#### SOURCE MATERIAL:
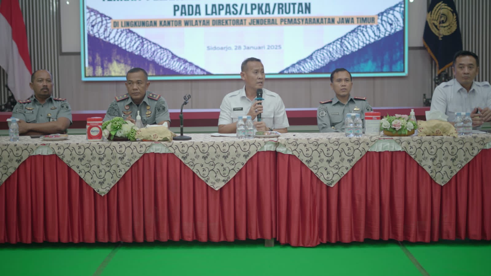 Metro24, SURABAYA – Dalam upaya meningkatkan kualitas pelayanan bagi Warga Binaan Pemasyarakatan (WBP), Kantor Wilayah Direktorat Jenderal Pemasyarakatan Jawa Timur menggelar kegiatan pengarahan terkait pelaksanaan penyediaan bahan makanan di Lembaga Pemasyarakatan (Lapas), Lembaga Pembinaan Khusus Anak (LPKA) dan Rumah Tahanan Negara (Rutan), Selasa (28/1).
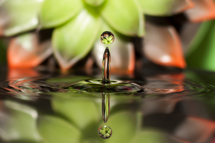 Фотографу было любопытно, как ведут себя капли воды и как их «заморозить» с помощью камеры. Съемка такого быстротекущего процесса несет множество трудностей. Много времени заняло создание внешней обстановки и антуража. Поведение этой маленькой капли очень увлекательно на снимке. Нас завораживает не только «прыгающая» капля, но отражения которые мы видим в ней, на поверхности воды и в возбужденных волнах, а так же резкость самого снимка.
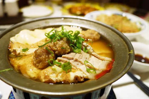 這道火鍋是以酸白菜和白肉的巧妙搭配,在加入北京特色的手工丸子、五花肉和豆腐、寬條冬粉及食蔬一起燉煮,湯頭濃淡得宜。
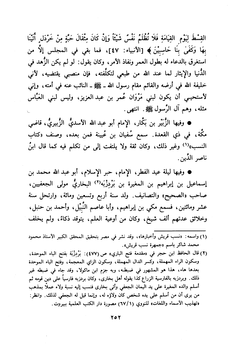 وفيها ليلة عيد الفطر، الإمام، حبر الإسلام، أبو عبد الله محمد بن إسماعيل بن إبراهيم بن المغيرة بن بردزبه [2] البخاريّ مولى الجعفيين، صاحب «الصحيح» والتصانيف. ولد سنة أربع وتسعين ومائة، وارتحل سنة عشر ومائتين، فسمع مكي بن إبراهيم، وأبا عاصم النّبيل، وأحمد بن حنبل، وخلائق عدتهم ألف شيخ، وكان من أوعية العلم، يتوقد ذكاء، ولم يخلف
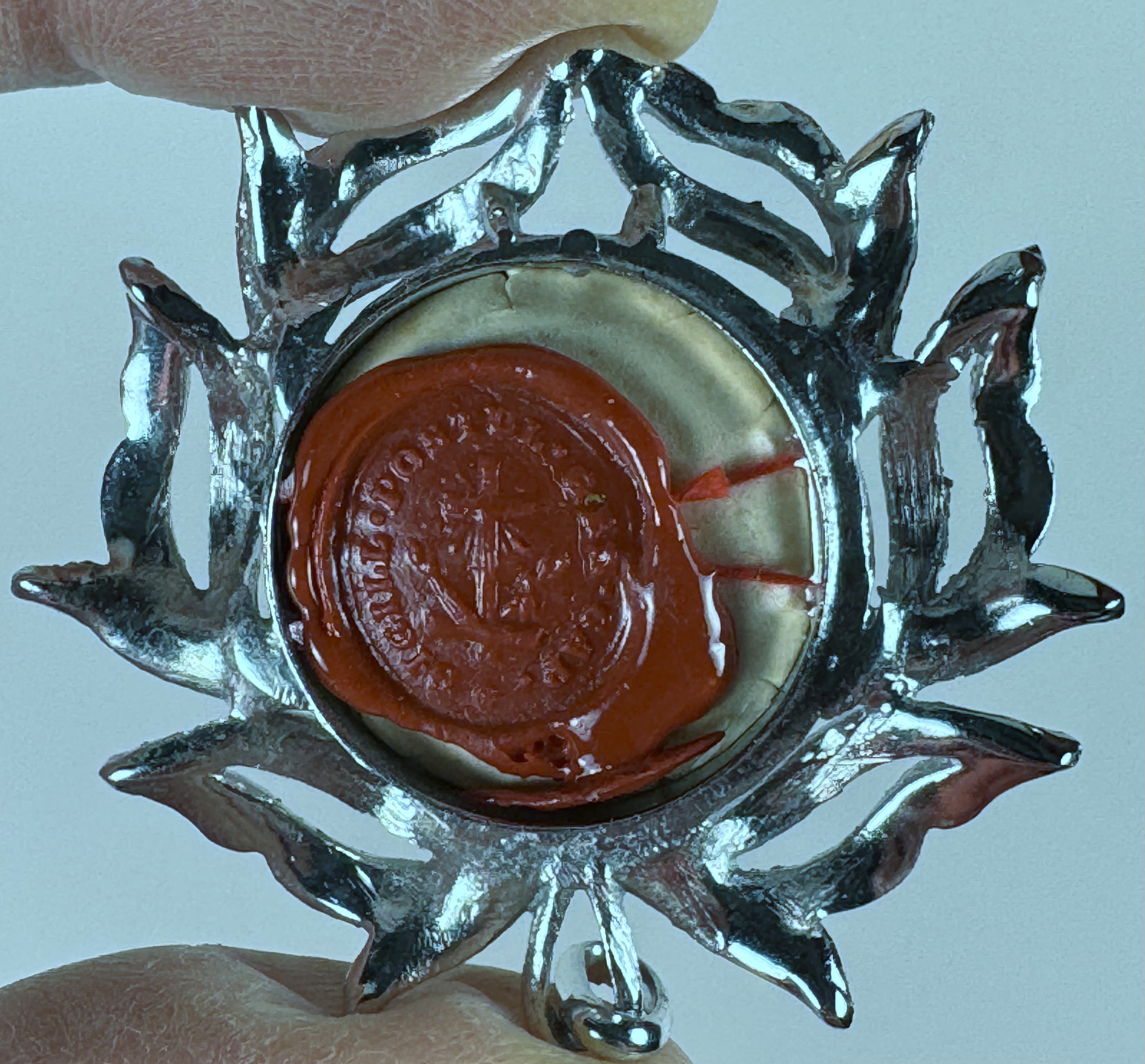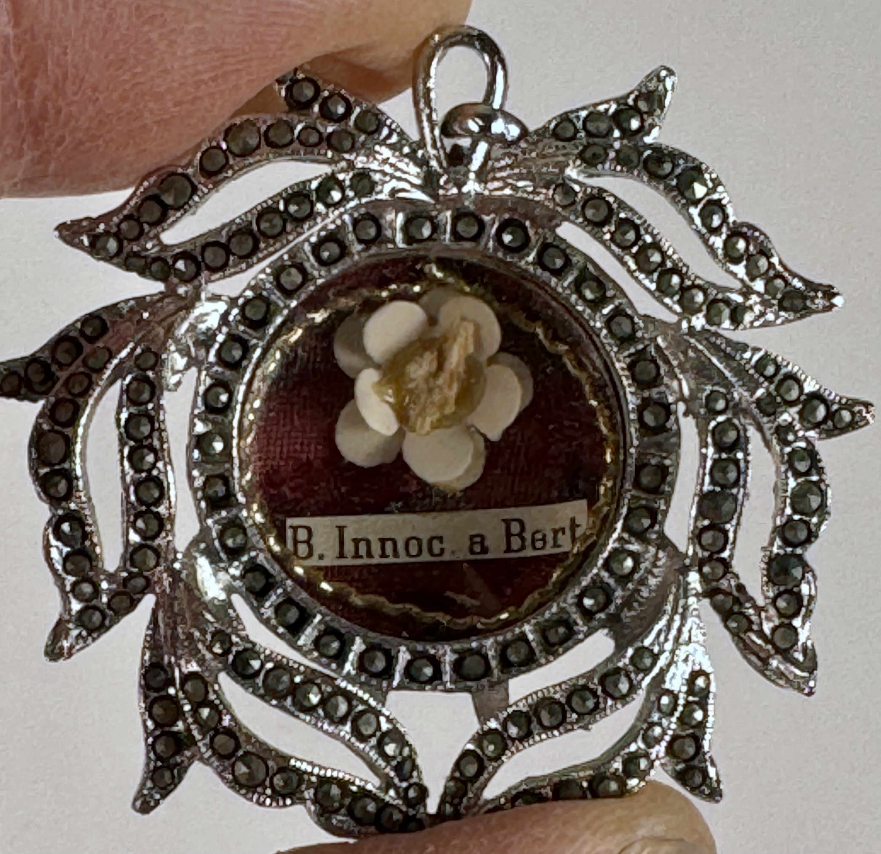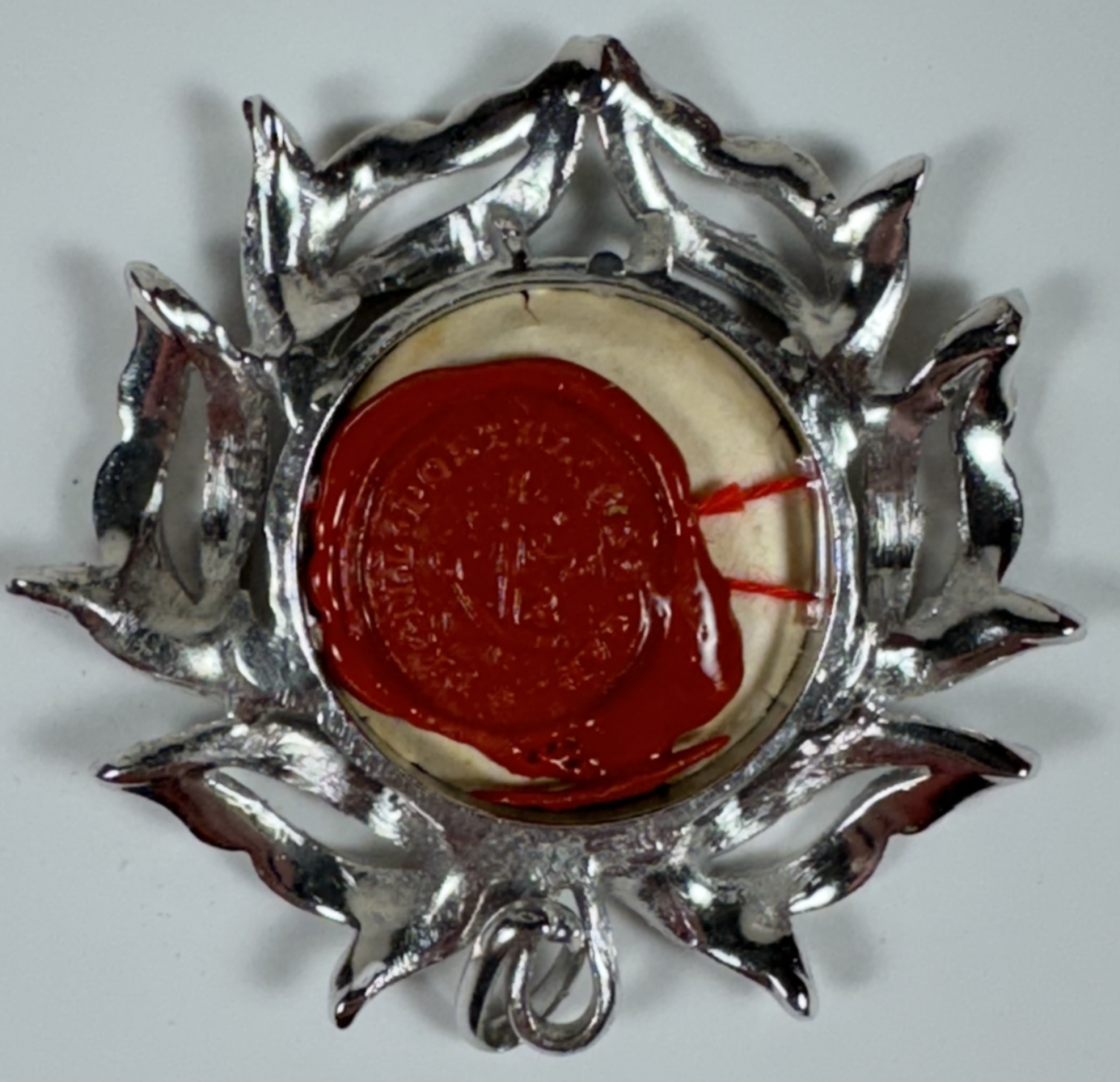 Fancy round glass-fronted white-metal pendant reliquary theca housing the first-class ex ossibus (of the bone) relic of the Blessed Innocenzo da Berzo.  The relic is affixed to a ground of red silk, surrounded by gilt silver wire ornamentation and identified in Latin on a fancy manuscript cedula label as B. Innoc. a Bert. (Blessed Innocenzo da Berzo). On the back, the theca is secured with a seal of red Spanish wax bearing an imprint of a coat of arms of the Postulator General of the Order of Friars Minor.
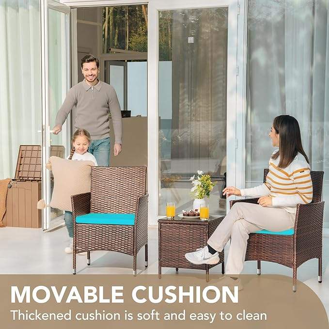 ชุดเฟอร์นิเจอร์หวายกลางแจ้ง3ชิ้นเก้าอี้และโต๊ะสำหรับระเบียงลานบ้าน

#### REQUIRED ACTION:
Each record above must be retyped exactly. Omit the pictures.

#### ANSWER TO THE EXERCISE:
 Metro24, SURABAYA – Dalam upaya meningkatkan kualitas pelayanan bagi Warga Binaan Pemasyarakatan (WBP), Kantor Wilayah Direktorat Jenderal Pemasyarakatan Jawa Timur menggelar kegiatan pengarahan terkait pelaksanaan penyediaan bahan makanan di Lembaga Pemasyarakatan (Lapas), Lembaga Pembinaan Khusus Anak (LPKA) dan Rumah Tahanan Negara (Rutan), Selasa (28/1).
 Фотографу было любопытно, как ведут себя капли воды и как их «заморозить» с помощью камеры. Съемка такого быстротекущего процесса несет множество трудностей. Много времени заняло создание внешней обстановки и антуража. Поведение этой маленькой капли очень увлекательно на снимке. Нас завораживает не только «прыгающая» капля, но отражения которые мы видим в ней, на поверхности воды и в возбужденных волнах, а так же резкость самого снимка.
 這道火鍋是以酸白菜和白肉的巧妙搭配,在加入北京特色的手工丸子、五花肉和豆腐、寬條冬粉及食蔬一起燉煮,湯頭濃淡得宜。
 وفيها ليلة عيد الفطر، الإمام، حبر الإسلام، أبو عبد الله محمد بن إسماعيل بن إبراهيم بن المغيرة بن بردزبه [2] البخاريّ مولى الجعفيين، صاحب «الصحيح» والتصانيف. ولد سنة أربع وتسعين ومائة، وارتحل سنة عشر ومائتين، فسمع مكي بن إبراهيم، وأبا عاصم النّبيل، وأحمد بن حنبل، وخلائق عدتهم ألف شيخ، وكان من أوعية العلم، يتوقد ذكاء، ولم يخلف
 Fancy round glass-fronted white-metal pendant reliquary theca housing the first-class ex ossibus (of the bone) relic of the Blessed Innocenzo da Berzo.  The relic is affixed to a ground of red silk, surrounded by gilt silver wire ornamentation and identified in Latin on a fancy manuscript cedula label as B. Innoc. a Bert. (Blessed Innocenzo da Berzo). On the back, the theca is secured with a seal of red Spanish wax bearing an imprint of a coat of arms of the Postulator General of the Order of Friars Minor.
 ชุดเฟอร์นิเจอร์หวายกลางแจ้ง3ชิ้นเก้าอี้และโต๊ะสำหรับระเบียงลานบ้าน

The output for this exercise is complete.